[Records from a data source]

——————————

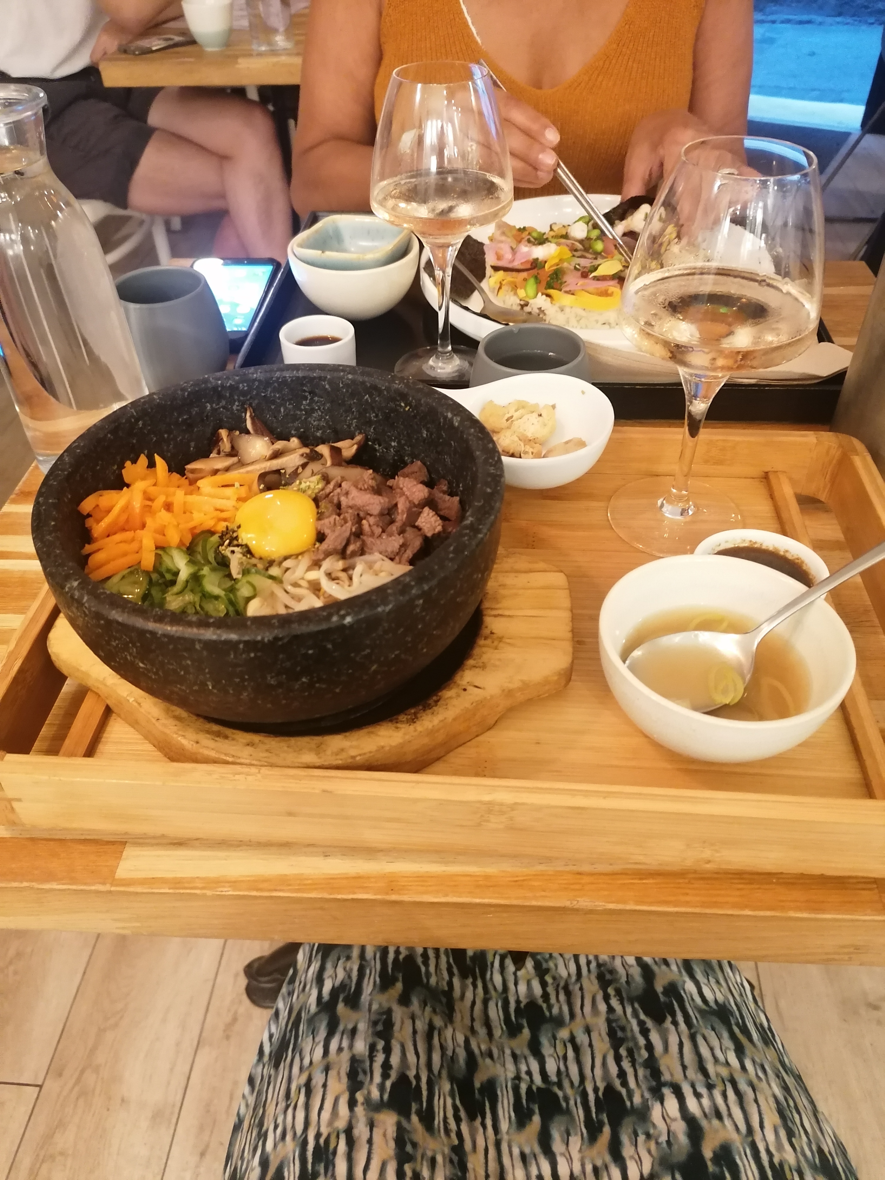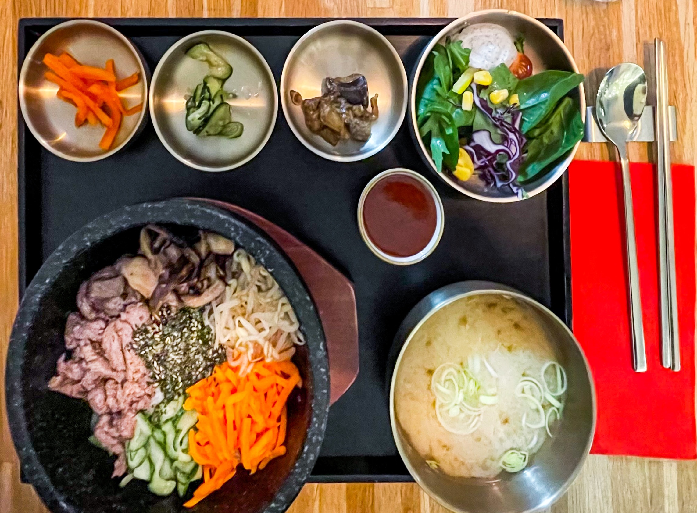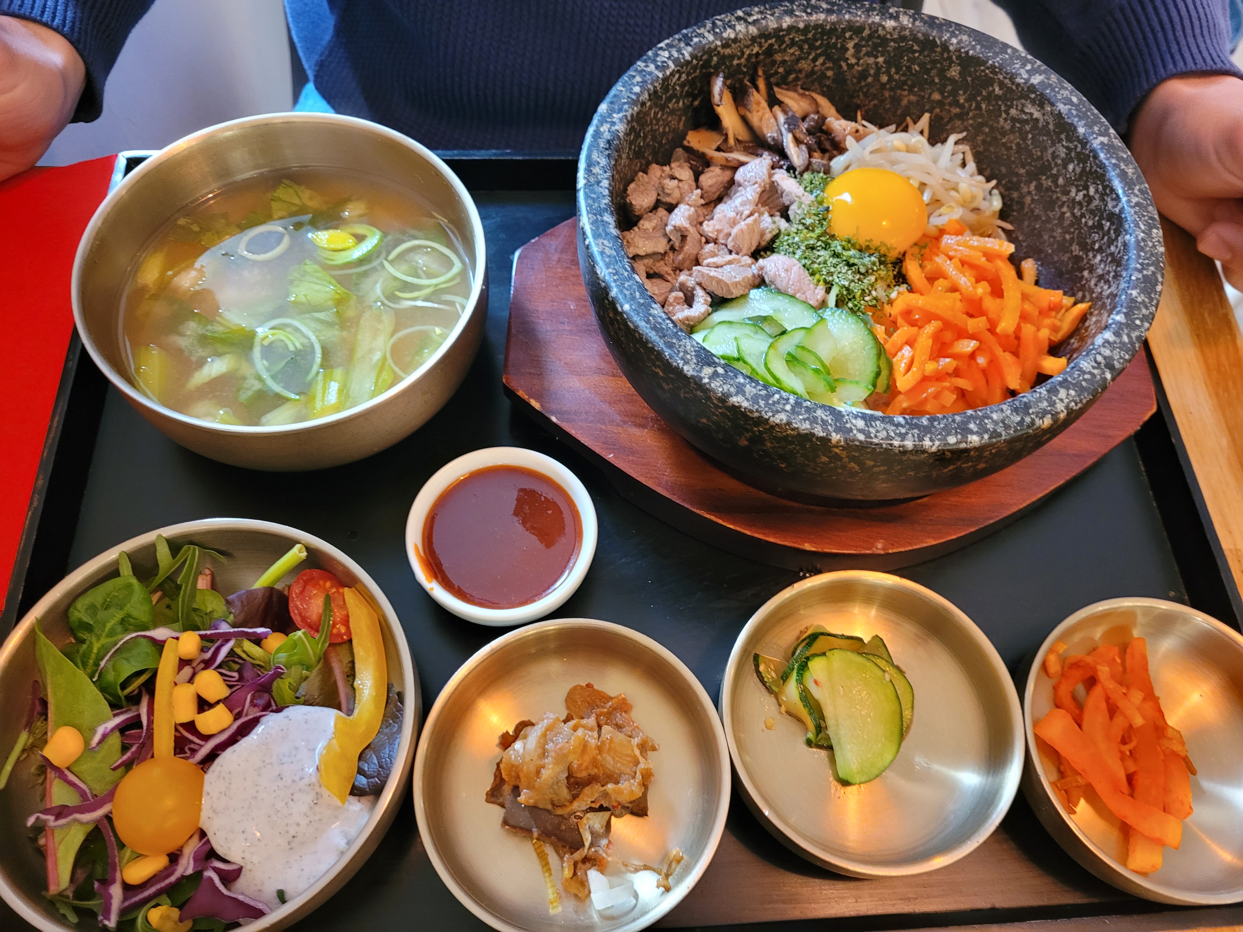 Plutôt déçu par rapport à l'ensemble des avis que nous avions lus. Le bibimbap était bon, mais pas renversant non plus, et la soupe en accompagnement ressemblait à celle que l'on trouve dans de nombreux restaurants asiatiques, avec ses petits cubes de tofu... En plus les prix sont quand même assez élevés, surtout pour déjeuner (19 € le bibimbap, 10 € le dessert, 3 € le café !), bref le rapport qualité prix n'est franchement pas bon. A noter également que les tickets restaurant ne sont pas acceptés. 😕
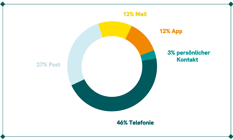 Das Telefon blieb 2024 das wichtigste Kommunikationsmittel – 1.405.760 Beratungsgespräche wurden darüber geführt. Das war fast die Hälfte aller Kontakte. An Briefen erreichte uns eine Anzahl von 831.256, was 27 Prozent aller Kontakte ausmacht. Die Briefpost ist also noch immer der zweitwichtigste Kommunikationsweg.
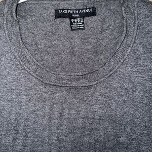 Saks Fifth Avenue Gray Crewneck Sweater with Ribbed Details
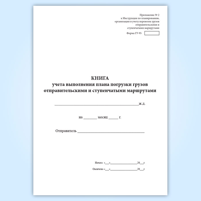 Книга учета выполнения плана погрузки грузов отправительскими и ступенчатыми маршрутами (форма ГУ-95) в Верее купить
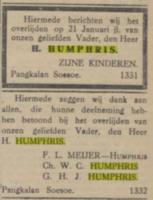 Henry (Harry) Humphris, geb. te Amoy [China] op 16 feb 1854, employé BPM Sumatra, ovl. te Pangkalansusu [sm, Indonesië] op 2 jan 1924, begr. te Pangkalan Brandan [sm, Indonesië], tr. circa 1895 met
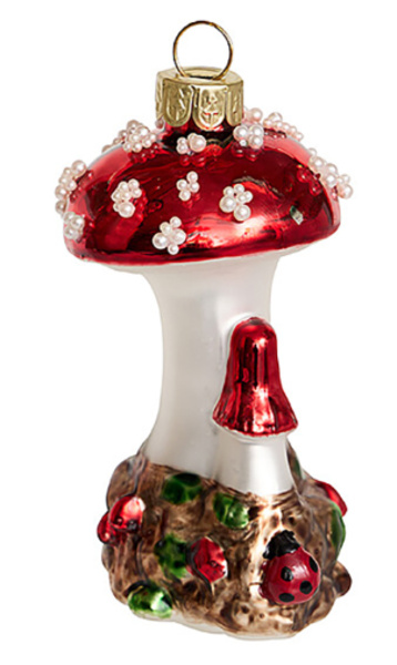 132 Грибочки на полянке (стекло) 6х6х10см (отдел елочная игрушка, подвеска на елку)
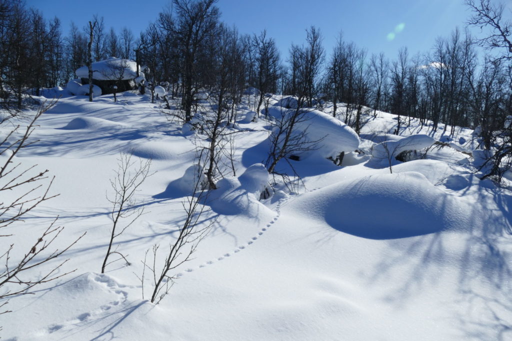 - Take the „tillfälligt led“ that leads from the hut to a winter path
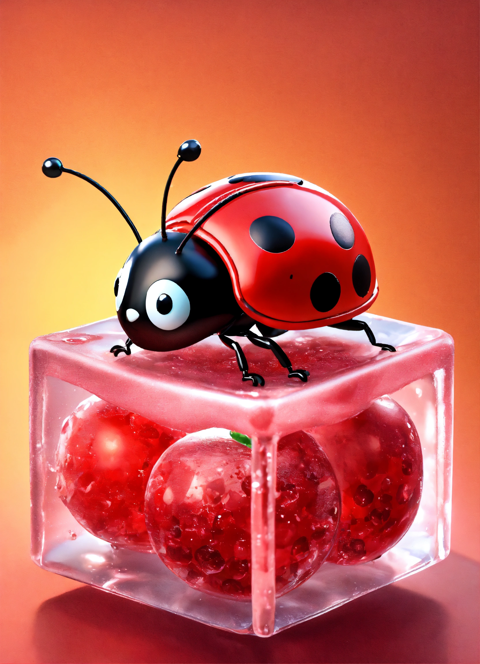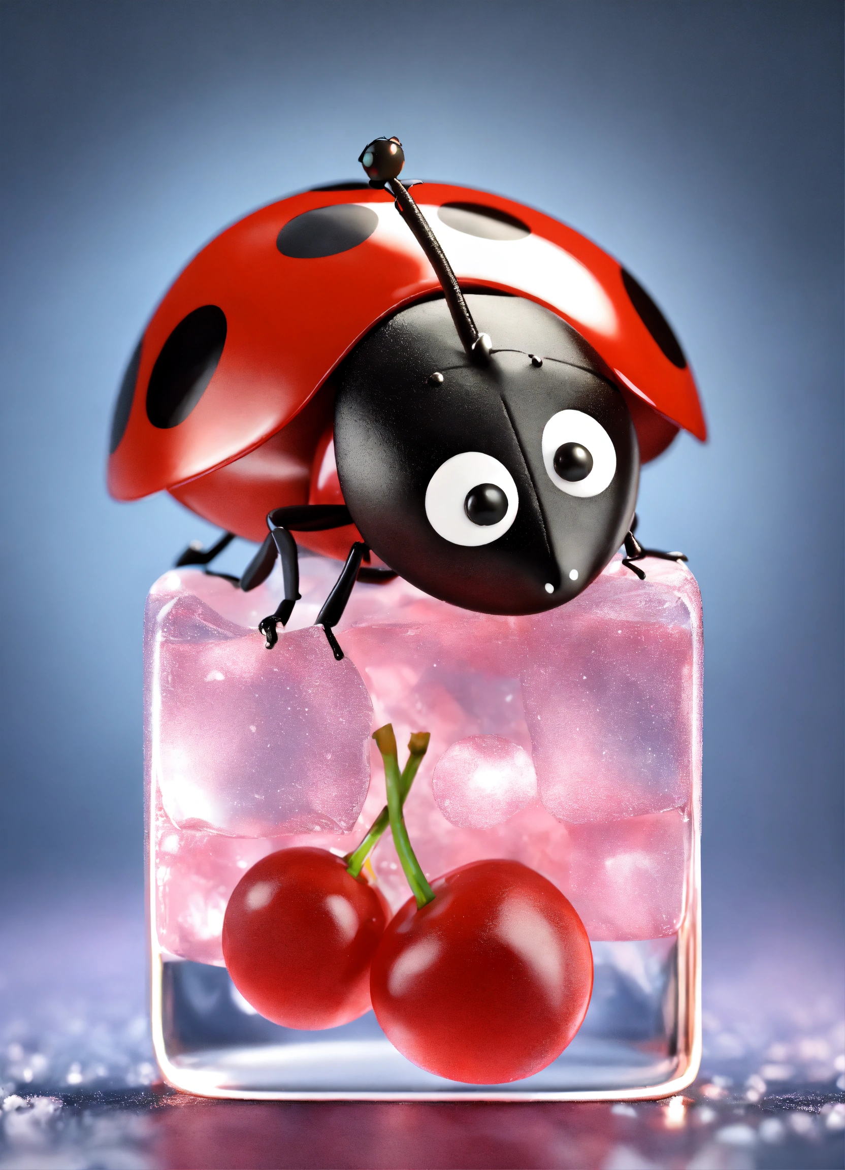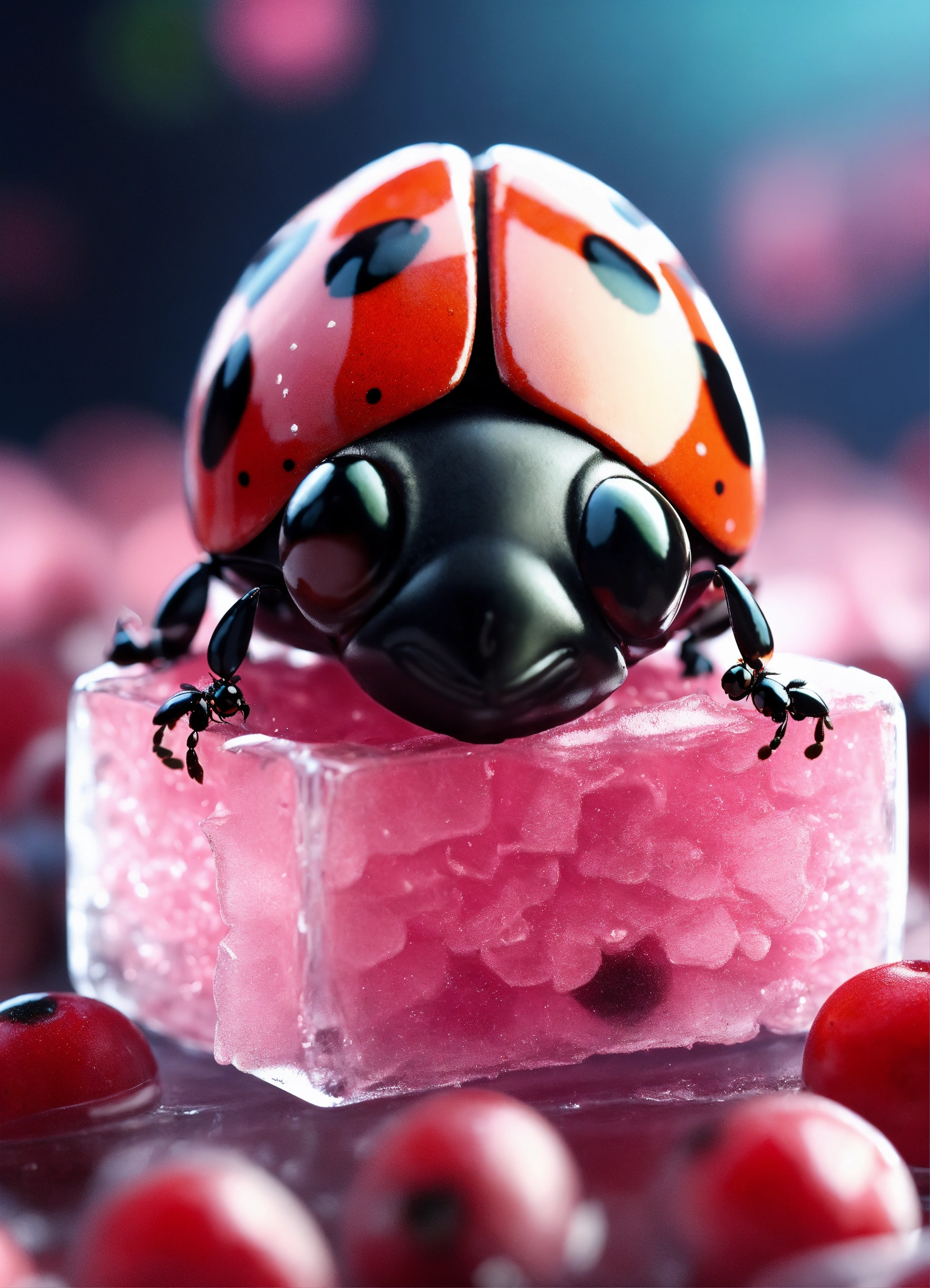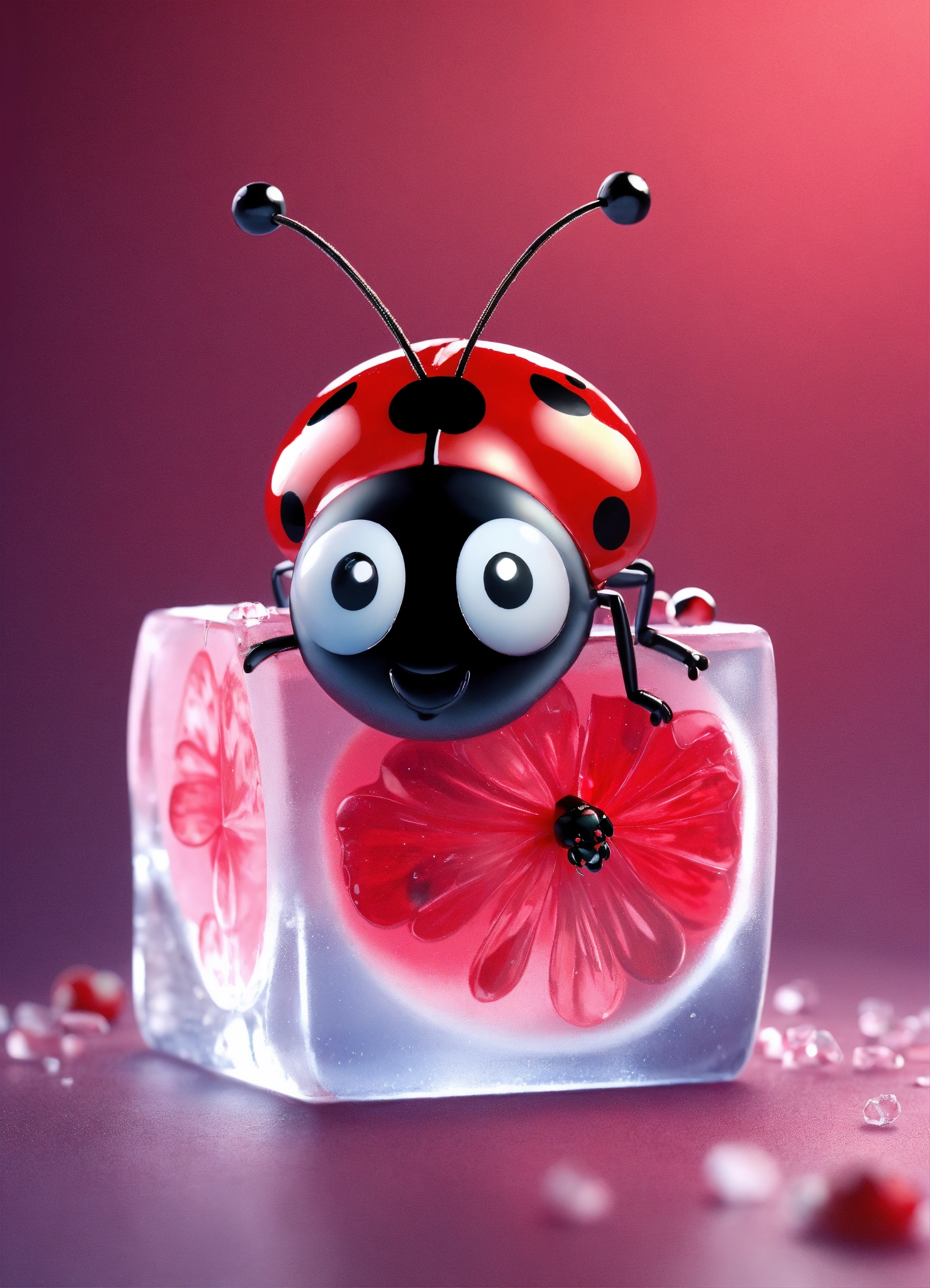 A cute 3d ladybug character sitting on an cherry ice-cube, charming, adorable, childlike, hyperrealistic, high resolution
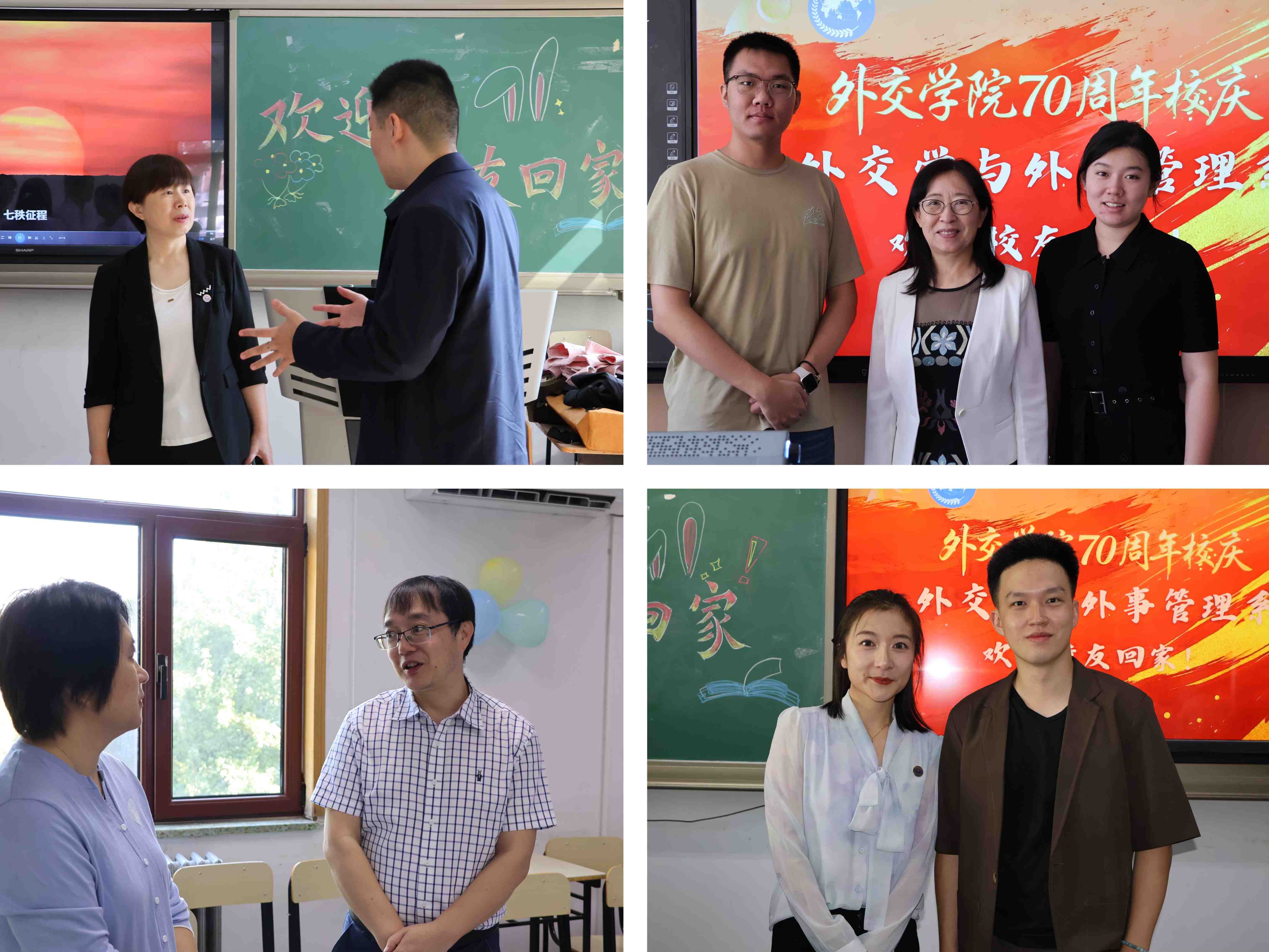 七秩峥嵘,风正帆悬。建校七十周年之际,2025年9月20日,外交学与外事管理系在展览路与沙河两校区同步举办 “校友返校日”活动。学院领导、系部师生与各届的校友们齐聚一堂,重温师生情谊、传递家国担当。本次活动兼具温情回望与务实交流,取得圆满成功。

——————————

→ **HOW TO COMPLETE THIS TASK**
Copy the data word for word and omit every picture.

→ **WRITTEN SOLUTION**
 Plutôt déçu par rapport à l'ensemble des avis que nous avions lus. Le bibimbap était bon, mais pas renversant non plus, et la soupe en accompagnement ressemblait à celle que l'on trouve dans de nombreux restaurants asiatiques, avec ses petits cubes de tofu... En plus les prix sont quand même assez élevés, surtout pour déjeuner (19 € le bibimbap, 10 € le dessert, 3 € le café !), bref le rapport qualité prix n'est franchement pas bon. A noter également que les tickets restaurant ne sont pas acceptés. 😕
 Das Telefon blieb 2024 das wichtigste Kommunikationsmittel – 1.405.760 Beratungsgespräche wurden darüber geführt. Das war fast die Hälfte aller Kontakte. An Briefen erreichte uns eine Anzahl von 831.256, was 27 Prozent aller Kontakte ausmacht. Die Briefpost ist also noch immer der zweitwichtigste Kommunikationsweg.
 Saks Fifth Avenue Gray Crewneck Sweater with Ribbed Details
 Книга учета выполнения плана погрузки грузов отправительскими и ступенчатыми маршрутами (форма ГУ-95) в Верее купить
 Henry (Harry) Humphris, geb. te Amoy [China] op 16 feb 1854, employé BPM Sumatra, ovl. te Pangkalansusu [sm, Indonesië] op 2 jan 1924, begr. te Pangkalan Brandan [sm, Indonesië], tr. circa 1895 met
 132 Грибочки на полянке (стекло) 6х6х10см (отдел елочная игрушка, подвеска на елку)
 - Take the „tillfälligt led“ that leads from the hut to a winter path
 A cute 3d ladybug character sitting on an cherry ice-cube, charming, adorable, childlike, hyperrealistic, high resolution
 七秩峥嵘,风正帆悬。建校七十周年之际,2025年9月20日,外交学与外事管理系在展览路与沙河两校区同步举办 “校友返校日”活动。学院领导、系部师生与各届的校友们齐聚一堂,重温师生情谊、传递家国担当。本次活动兼具温情回望与务实交流,取得圆满成功。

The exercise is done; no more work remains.